3. Acupuncture. I wish this worked but it just didn’t 🙁 I will keep trying!

 

OK now onto what DOES work.

We must go deeper to the root cause.

If you are having springtime or full-time environmental allergies it is important to figure out why. So before getting into ten easy strategies for allergies that are already taking place I want to talk about an overarching plan. Taking away as many distractions for the immune system and then balancing it and removing the offending allergen are really all that are needed.

Taking away immune distractions means dealing with gut infections, sinus infections, tooth infections. It may mean doing a liver cleanse or a water fast to help with detoxifying or reducing those foods that can distract the immune system. This step may mean dealing with yeasts in the body.  Even if you are a practitioner it can be very helpful to work with someone who can help you trouble shoot this systematically.

Balancing the immune system means communicating with the two main branches of immunity, the swat team and the pencil pushers as I like to call them, tH1 and tH2 immunity. These branches of the immune system usually come into balance after long term infections and irritants are resolved but if not then the careful use of some herbs can be helpful. For example mangosteen, cardamom, moringa, watercress, nettle and so on.

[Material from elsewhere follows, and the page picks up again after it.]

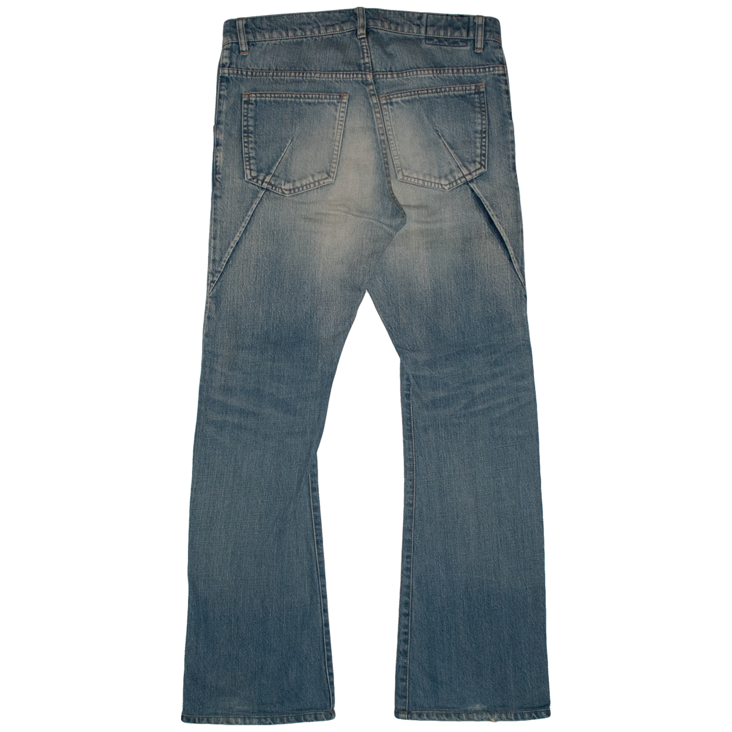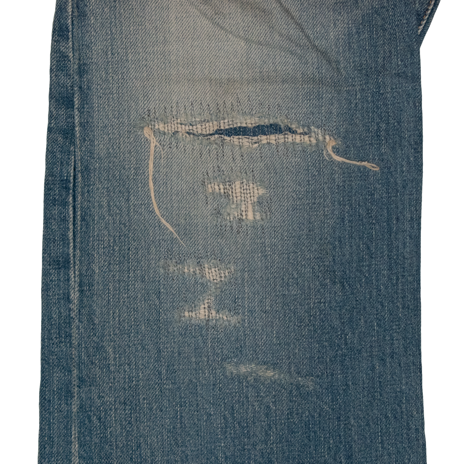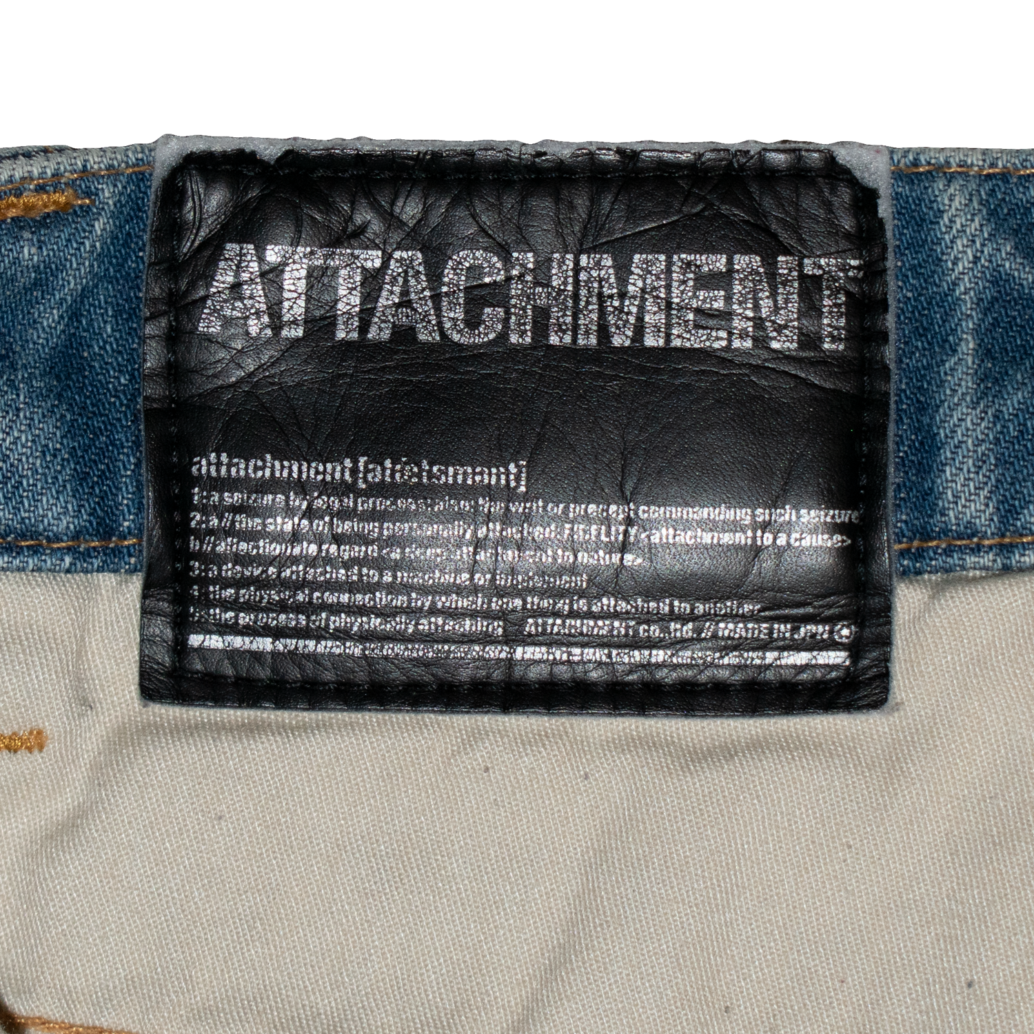 Here we have an incredible pair of denim from the Japanese brand ATTACHMENT. This pair of 4-pocket denim features an elegantly faded mid-wash, darted detailing along the back pockets, a slightly flared silhouette, and instances of quality distressing repairs throughout. Based on the brand's mission, you can’t go wrong with this high-quality pair of denim from the Japanese brand ATTACHMENT.

If allergies catch you by surprise here are ten useful strategies:

  1. Netipot – about five times daily. This may not be for everyone but lessens the symptoms to some degree. When I have the schedule to be extremely vigilant with this I feel better.
  2. Vitamin C – liposomal, 1 gram five times per day three days per week and then back down to 1 gram three times per day for the rest of the week (doing too much for too long is not helpful to the body for how it uses vitamin C)
  3. Quercetin – at least 500 mg daily, I like 500 mg 3x per day.  Did you know onion skins are a great source of quercetin?  You’d have to tincture them…
  4. Plant resins and essential oils as a throat spray – I have thyme, savory, black spruce and lemon mixed with black cumin oil in a spray bottle
  1. Nettle tinctureClick HERE for the Wild & Grounded Green Smoothie Recipe is good but you will be getting more of the antihistamine properties and less of the histamine itself if you are using a tincture of nettle instead. I take dropperfulls throughout the day in springtime.  This has to be nettle LEAF tincture and the amounts to take are actually quite substantial.
  2. Having someone else clean my house for me – I’ll admit this agrees with me on so many levels however I have yet to find a really positive way to sell the benefits of this to my family who should do the cleaning. If I stir up dust in the springtime it’s not pretty. The same goes for mowing the lawn…  I couldn’t afford to hire outright so I am doing a trade and it works for me.  Do whatever you need to do to keep yourself away from the dust/cat/grass that is bothering you.
  3. Bai Hua oil – a mixture of essential oils from China (literally means white flower) but I don’t know exactly what is in there. This is helpful to me when I rub it directly under my nose. It can be a bit stingy though so watch out.  Don’t put something on your face without first testing it to see if it irritates the eyes or skin.
  4. Hard core 100% raw foods diet – Honestly this was the only thing that ever completely stopped my allergies. I know it’s not for everyone but I have to admit I notice the difference even between mostly raw and totally raw in my seasonal allergies depending on what I am doing with my food.  It may be the lectins, fats or just the grains consumed otherwise.  If you can figure out what diet is the most anti-inflammatory for YOU then stick to it.  And you can’t know until you’ve tried them all.  You may feel good but not know that there is an opportunity to feel better.
  5. Watercress, moringa and lotus daily – These do seem to make a tangible difference to me
  6. Cleansing yeasts – Candida, Penicillium, Brewers’ Yeast and others. Yeasts are big producers and releasers of histamine so they can exacerbate if not directly cause this issue.